If you regularly read scholarly papers, you likely use a reference manager to maintain your personal library. Papernaut connects to your library to find online coverage and discussion of your papers in blogs, forums, and mainstream media. My hope is that these discussions can provide broader perspective on research and, in some cases, be the spark that starts a new collaboration.

Here’s a very quick video demo. We start with a Zotero library that includes a paper from Science on the effect of pesticides on honey bees. We then connect to Papernaut, and find several discussions and articles, including one in The Guardian:

I’ve been working on Papernaut in my spare time for a few months, and I’m happy to say that it’s now open source. The project comes in two parts, and the source is on GitHub:

If you are interested in how the application is put together, the rest of this article is a technical overview of the moving parts and how they interact.

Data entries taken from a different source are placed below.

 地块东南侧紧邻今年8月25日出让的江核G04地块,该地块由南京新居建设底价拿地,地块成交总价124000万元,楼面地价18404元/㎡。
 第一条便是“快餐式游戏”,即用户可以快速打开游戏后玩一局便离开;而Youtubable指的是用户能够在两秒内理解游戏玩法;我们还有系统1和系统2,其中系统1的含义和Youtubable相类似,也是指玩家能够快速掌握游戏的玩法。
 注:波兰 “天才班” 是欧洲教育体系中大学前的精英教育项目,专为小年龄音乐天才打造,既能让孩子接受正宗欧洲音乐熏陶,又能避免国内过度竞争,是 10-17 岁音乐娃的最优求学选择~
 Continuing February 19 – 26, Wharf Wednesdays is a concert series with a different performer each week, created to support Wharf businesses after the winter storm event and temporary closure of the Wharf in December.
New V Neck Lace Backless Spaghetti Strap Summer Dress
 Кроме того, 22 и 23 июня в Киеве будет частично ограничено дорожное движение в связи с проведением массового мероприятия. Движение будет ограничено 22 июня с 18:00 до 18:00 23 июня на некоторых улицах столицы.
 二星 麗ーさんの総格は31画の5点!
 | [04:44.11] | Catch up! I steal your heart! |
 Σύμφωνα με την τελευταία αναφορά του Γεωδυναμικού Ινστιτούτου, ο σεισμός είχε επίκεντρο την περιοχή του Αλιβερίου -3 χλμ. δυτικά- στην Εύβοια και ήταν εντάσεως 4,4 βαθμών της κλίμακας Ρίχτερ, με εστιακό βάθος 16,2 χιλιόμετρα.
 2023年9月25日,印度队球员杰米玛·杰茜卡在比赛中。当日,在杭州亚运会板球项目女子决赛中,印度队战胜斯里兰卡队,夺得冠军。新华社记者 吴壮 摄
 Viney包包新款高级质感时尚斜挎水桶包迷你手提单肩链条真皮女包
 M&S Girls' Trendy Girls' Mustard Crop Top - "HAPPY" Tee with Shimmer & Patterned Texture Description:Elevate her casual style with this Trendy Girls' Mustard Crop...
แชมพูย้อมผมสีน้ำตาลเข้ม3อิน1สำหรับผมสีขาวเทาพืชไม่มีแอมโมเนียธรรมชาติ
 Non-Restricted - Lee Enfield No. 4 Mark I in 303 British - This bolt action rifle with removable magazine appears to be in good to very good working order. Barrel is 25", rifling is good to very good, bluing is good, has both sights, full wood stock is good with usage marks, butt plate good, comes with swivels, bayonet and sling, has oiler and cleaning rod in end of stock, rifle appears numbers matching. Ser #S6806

Overview: A simple example

Let’s walk through a simplified example. Say I have only one paper in my reference manager — that paper from earlier, about the effect of pesticides on honey bees:

Henry, M., Beguin, M., Requier, F., Rollin, O., Odoux, J., Aupinel, P., Aptel, J., Tchamitchian, S., & Decourtye, A. (2012). A Common Pesticide Decreases Foraging Success and Survival in Honey Bees. Science, 336 (6079), 348-350 DOI:10.1126/science.1215039

Let’s also say that the engine is crawling content from only one source feed, ResearchBlogging.org. Among many other content items, that source feed contains a relevant entry, whose content page is on The Guardian.

We’ll look at how the engine crawls and indexes this source feed. Then, we’ll see how the frontend pulls the paper from my reference manager and asks the engine for relevant discussions.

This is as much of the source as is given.